En la primera, Jesús desmonta la idea (tradicional), según la cual, las desgracias y, en general, el dolor, serían consecuencia del pecado. Esa creencia no hacía sino añadir culpabilidad y angustia a situaciones dolorosas.

Sin embargo, y aunque parezca paradójico, a renglón seguido, hace ver que nuestros actos necesariamente tienen consecuencias: “Si no os convertís, todos pereceréis de la misma manera”.

Y esta sería la forma adecuada de entender lo que, en otras tradiciones, se conoce comokarma o ley kármica, cuya formulación puede expresarse de este modo: en el mundo de las formas, toda acción provoca un resultado (“el que siembra vientos, recoge tempestades”).

Pero, al tratarse de un tema delicado, debido a lecturas apresuradas o erróneas, parece necesario hacer alguna puntualización.

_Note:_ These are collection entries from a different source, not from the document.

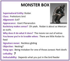 I didn’t quite bank on the joy of many, many monsters until I realized, “Oh good, now there’s an undercard for the big Boston throwdown.” Hey, if they can have hockey outdoors at Fenway, they can certainly have WWF, pun definitely intended. “Live from Fenway Park, it’s the monsters of … monsters, see the bleachers explode with fury as avian legend Rodan powers through like a Mothra to flame. And then, the big match up … you don’t want to miss the battle of battles: Godzilla vs. Monster Zero. Never since Alien vs. Predator has an audience been this replete with amazement and ennui.”
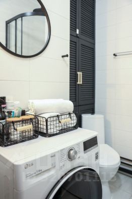 Пространство организовано так, чтобы всё было на своих местах. Уборка — до блеска перед каждым заездом. Поддерживать порядок легко — есть робот-пылесос. Для ухода за вещами — стиральная машина с сушкой, утюг и гладильная доска.
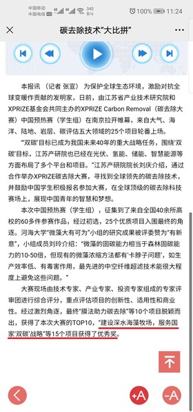 为应对全球变暖日益恶化,集萃全国青年人才迸发思想,江苏省产业技术研究院和XPRIZE基金会共同主办的XPRIZE Carbon Removal(碳去除大赛)中国预热赛学生组在南京拉开帷幕,来自大气、海洋、陆地、岩层、碳评估五大领域的25个路演小组参加比赛。
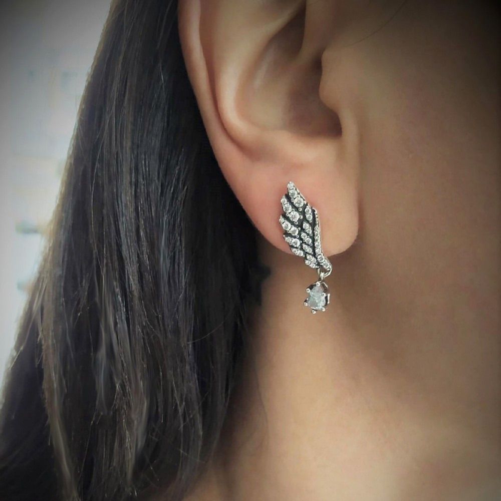 Ασημένια κουμπωτά σκουλαρίκια φτερά αγγέλου
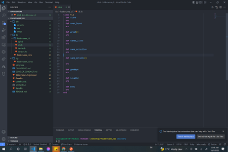- Then open the foldername_cli file within lib folder. The foldername_cli will be like the equivalent to the route.rb which was within the config folder in rails.
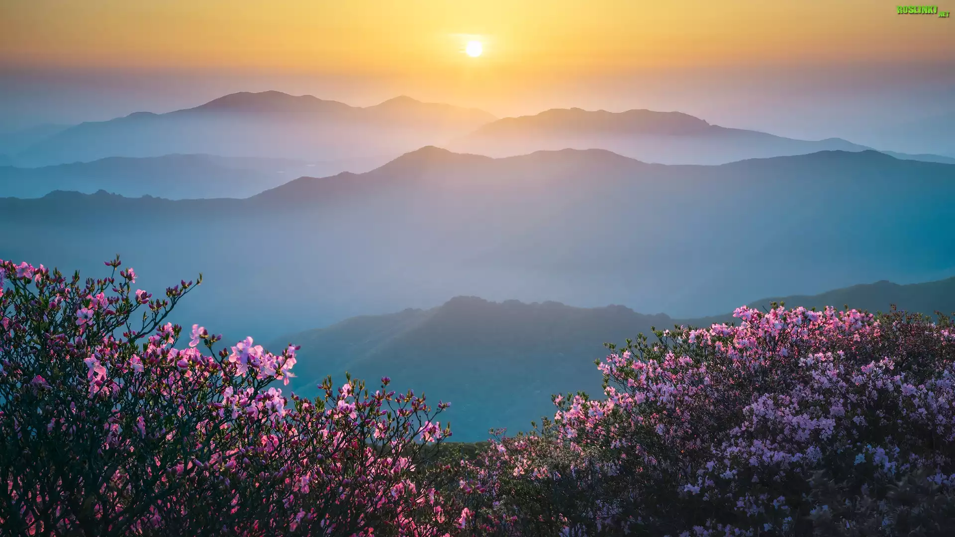 Rośliny: Góry, Wschód słońca, Mgła, Różowe, Kwiaty, Krzewy, Różaneczniki

Las acciones que producen karma son aquellas en las que hay alguna forma de apropiación, porque vamos buscando algún fruto.

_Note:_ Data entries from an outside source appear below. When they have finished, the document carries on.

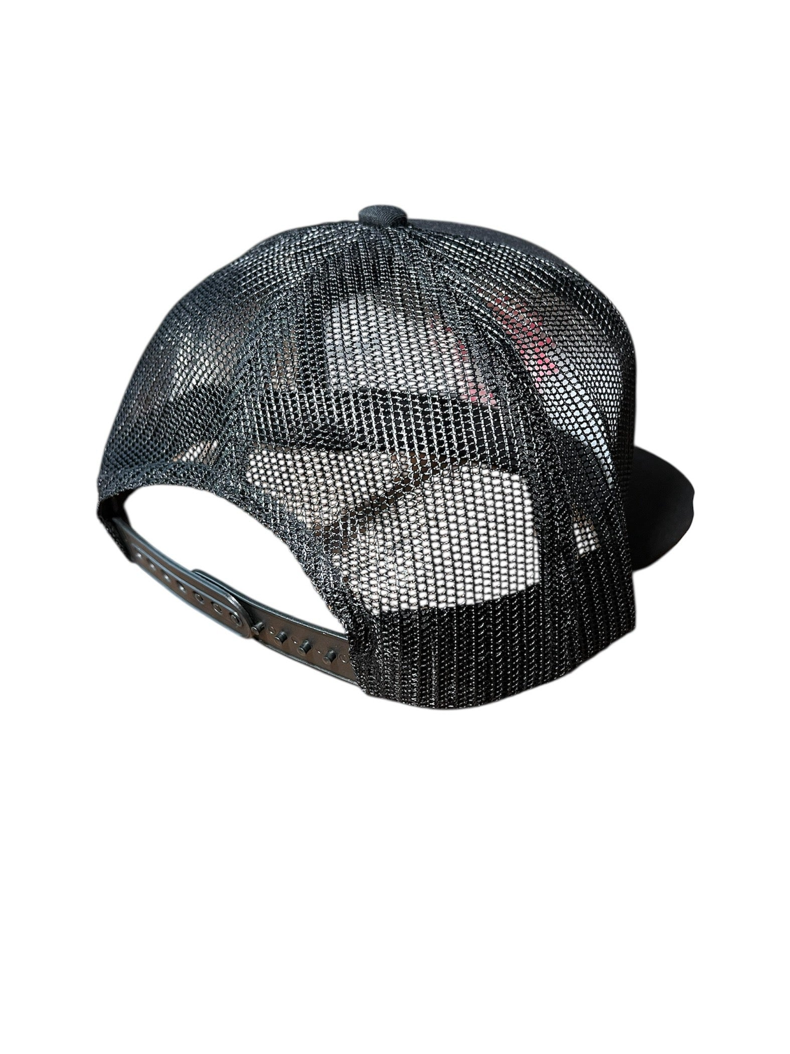 - Black Trucker Flatbill and Neon Pink Logo
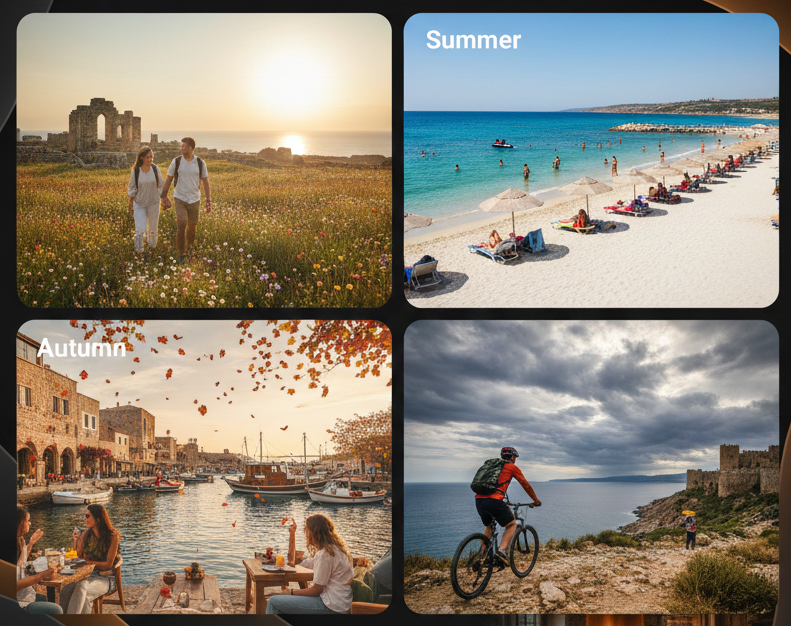 Tourism in Northern Cyprus remains active across all seasons. Summer attracts beachgoers, families, and resort visitors; spring and autumn appeal to hikers, cyclists, golfers, and wellness travelers; while winter draws long-stay guests seeking a mild climate and a relaxed Mediterranean lifestyle.
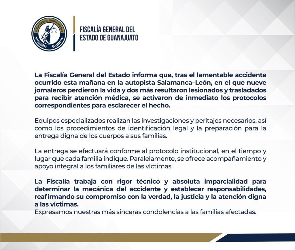 Salamanca, Gto. — La Fiscalía General del Estado de Guanajuato (FGE) confirmó, a través de una ficha informativa, que el accidente ocurrido esta mañana en la autopista Salamanca-León dejó un saldo de nueve personas fallecidas y dos lesionados, quienes fueron trasladados a recibir atención médica.
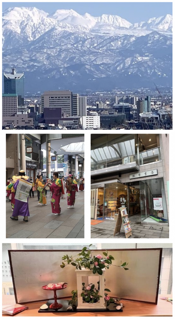 前夜の大雨の気配など微塵も感じさせない陽光に包まれた4月9日。葉桜の新緑が眩しい季節に、「日本シルースル」床の間編が富山県富山市の数寄書斎で開催された。会場の窓からは、遠くに神々しい立山連峰が見える。耳には三年振りに開催された「全日本チンドンコンクール」の、賑やかな音が響いていた。69 年続いてきたチンドンも年々参加者は減り続けている。これも失われつつある日本文化のひとつだろう。

Por el contrario, cuando vivimos desapropiación, la acción adecuada pasa a través de nosotros, como si lo hiciera a través de un canal, limpiamente. La desapropiación con respecto al fruto de la acción elimina los efectos negativos.

Una tal desapropiación implica que la persona no se identifica con el yo; no tiene consciencia de ser el hacedor. Del mismo modo que una ola emerge del océano para luego volver a él, así también, la acción surge en la persona para desaparecer del mismo modo.

Al cambio que va de una actitud egoica a otra desapropiada, Jesús lo llama “conversión” (meta-noia).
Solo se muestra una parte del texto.